Scientific classification
- Kingdom: Animalia
- Phylum: Chordata
- Class: Reptilia
- Order: Squamata
- Family: Scincidae
- Genus: Tropidophorus
- Species: T. grayi
- Binomial name: Tropidophorus grayi Günther, 1861

= Tropidophorus grayi =

- Genus: Tropidophorus
- Species: grayi
- Authority: Günther, 1861
- Conservation status: LC

Species of lizard

Tropidophorus grayi, commonly called the spiny waterside skink, Gray's keeled skink, Gray's water skink, and the Philippine spiny stream skink is a relatively abundant but secretive skink species, a lizard in the family Scincidae. The species is endemic to the Philippines.

==Habitat==
The preferred natural habitats of T. grayi are forest and forest streams, at altitudes from sea level to 800 m, but it has also been found in agricultural areas adjacent to forest.T. grayi lives by rivers and lakes, which gives it the common name waterside skink. Despite the warm climate in its native habitat, it prefers relatively cool temperatures in mountainous areas..

==Description==
T. grayi has serrated scales (very spiky) which are grey-black in colour, but may also appear in pure black, reddish-brown or wooden-brown colours. The belly is white with or without brown blotches and is smooth and shiny. This makes this species look like a miniature crocodile.

==Behaviour==
T. grayi is fast and agile. Despite its looks and speed, it is harmless, but it may occasionally bite hard, if handled. When threatened by predators this reptile hides in water. If left to swim in deep water, it may appear to drown, but it actually only plays dead. When removed, it may stay motionless for a few minutes and then return to its normal state. It is also an excellent climber, equipped with claws that can grip tree trunks and other wooden structures.

==Diet==
T. grayi eats worms, insects, small snails, slugs, and small fishes (if it can catch one).

==In captivity==
In captivity, it is observed that T. grayi likes to stack itself in piles, like turtles basking in the sun, and would rather stay on dry land than in water.
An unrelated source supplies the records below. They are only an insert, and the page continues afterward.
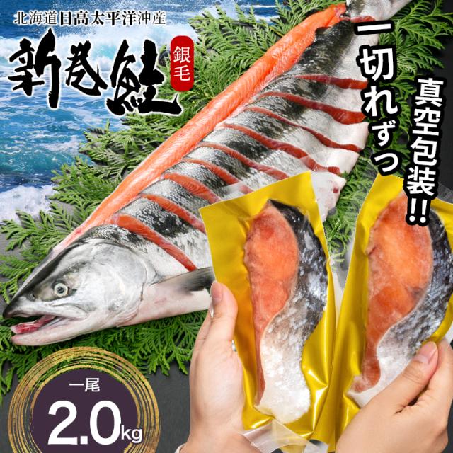 | 銀毛新巻鮭姿切身2.0kg(北海道日高太平洋沖産)(1切れ真空包装、姿戻し) |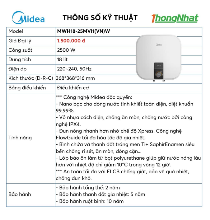 Bình nóng lạnh 18 lít Midea MWH18-25MVII(VN)W (Bình vuông) là mẫu bình nhỏ gọn, phù hợp không gian phòng tắm hiện đại. Trang bị đầy đủ tính năng an toàn ELCB, rơ-le kép, Titanium siêu bền và cách nhiệt mật độ cao. Liên hệ Điện máy Dũng Vân – Quảng Ninh để được tư vấn, lắp đặt tận nơi và bảo hành chính hãng.
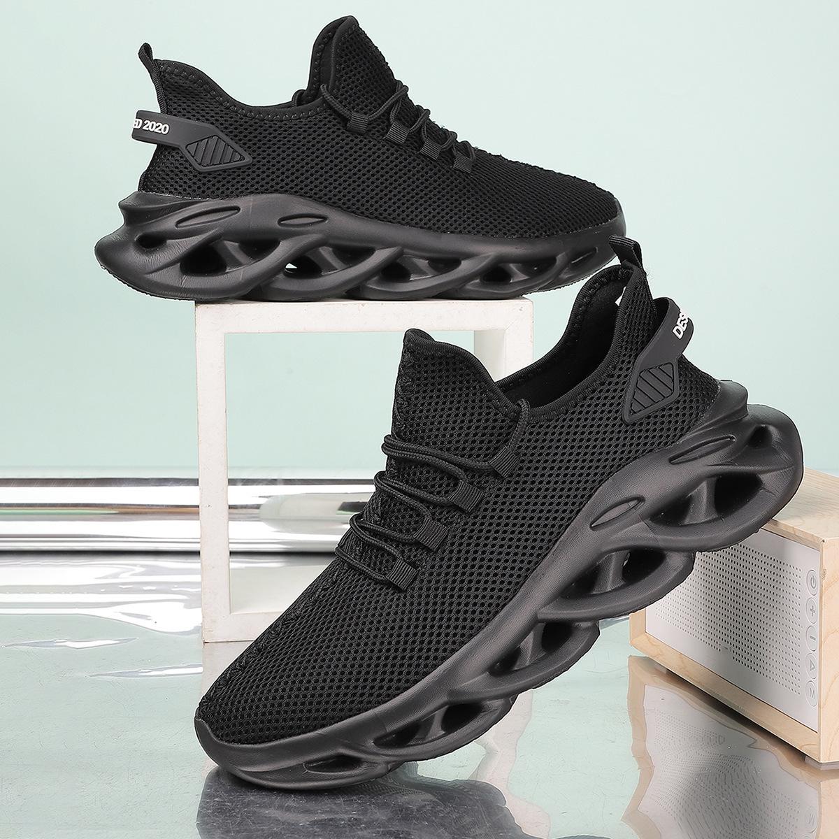 Популярная повседневная спортивная обувь большого размера, мужская сетчатая обувь с закрученным дном, повседневная мужская обувь для бега с амортизацией, легкая мягкая подошва 36 чёрный

It is becoming quite popular as an exotic pet due to its crocodilian appearance and cheap price in the Philippines.

==Tail regeneration==
Like almost any species in the skink family, T. grayi can regrow its tail if severed, but the replacement tail usually is shorter and has fewer spikes than the original tail. Also, the tail of T. grayi is tougher to break than the tail of most other skinks.

==Reproduction==
T. grayi is ovoviviparous.

| Total length (including tail)^{[citation needed]} | Number of young^{[citation needed]} | Status (how common)^{[citation needed]} |
|---|---|---|
| 20–25 cm or 8–11 inches (females) / 5-9 inches (males) | 1–6 live young | Locally common (common in certain areas) |

==Etymology==
The specific name, grayi, is in honor of British herpetologist John Edward Gray.